World of Reel reassures us we didn’t miss anything

The awards were gender-free, which meant there was only one award in each category — I still don’t get how this benefits anyone other than just to virtue signal.

Other than that, you didn’t miss much. Apparently, Zoe Lister Jones came out, she now likes women (“I’m here and I’m queer”). Nick Offerman condemned the “homophobic” reaction to “The Last of Us.” Host Aidy Bryant (who?) warned the audience about AI. Oh, and the ceremony was momentarily disrupted by pro-Palestine protestors.

Oh, boy, that’s entertainment!

And because of this stupid “gender neutral” movement, instead of four, only two actors took home an award.

And this is why I’m about to spend a few hundred dollars during Criterion’s 50 percent off sale — Lone Star, Blast of Silence, The Last Temptation of Christ, Bringing Up Baby, Mishima…All the great movies have already been made.

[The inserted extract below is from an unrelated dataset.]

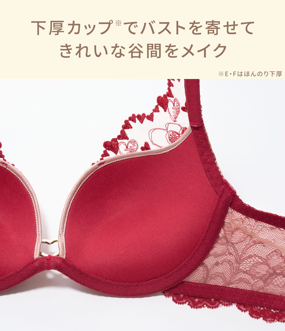 ・斜め下側に厚みをつけた下厚カップ※でバストをやさしく寄せ上げ、作り込みすぎないきれいな丸みの谷間をメイク。(※E・Fカップはほんのり下厚カップ)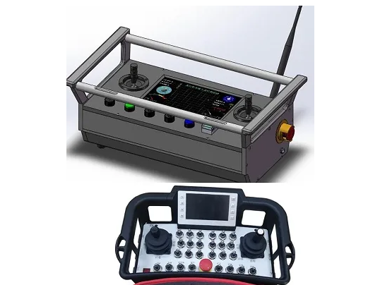 一、基本定义 工业无线彩屏遥控器是专门用来控制工程机械或工业设备的远程无线遥控装置。主要用于工业行车、冶金、造船、集装箱码头、仓储、机械制造、化工、造纸、建筑、消防和工程机械等使用起重机械并使之实现遥控操作的行业。工业无线技术、人机监控、CAN通信技术,RFID识别技术,其有效控制范围为半径100米的任何方位且不受障碍物的影响,操作人员只需携带轻巧的发射器,自由走动并选择最佳(安全)视觉位置实行操作,清除以往由于视线不清、线控束缚、环境恶劣或指挥配合不当等因素造成的事故隐患。即保证了安全操作又大幅度提高了生产效率。

You see, unlike the people making movies today, I love movies.

So.

Instead of wasting $20 to sit through garbage like Madame Web and Drive-Away Dolls, Argylle, and whatever shit the Disney Grooming Syndicate is shoveling these days, I’m filling my Movie Ark with hard copies the fascists can’t disappear, rewrite, or thought-police…At least not until the left’s “firemen” start coming around.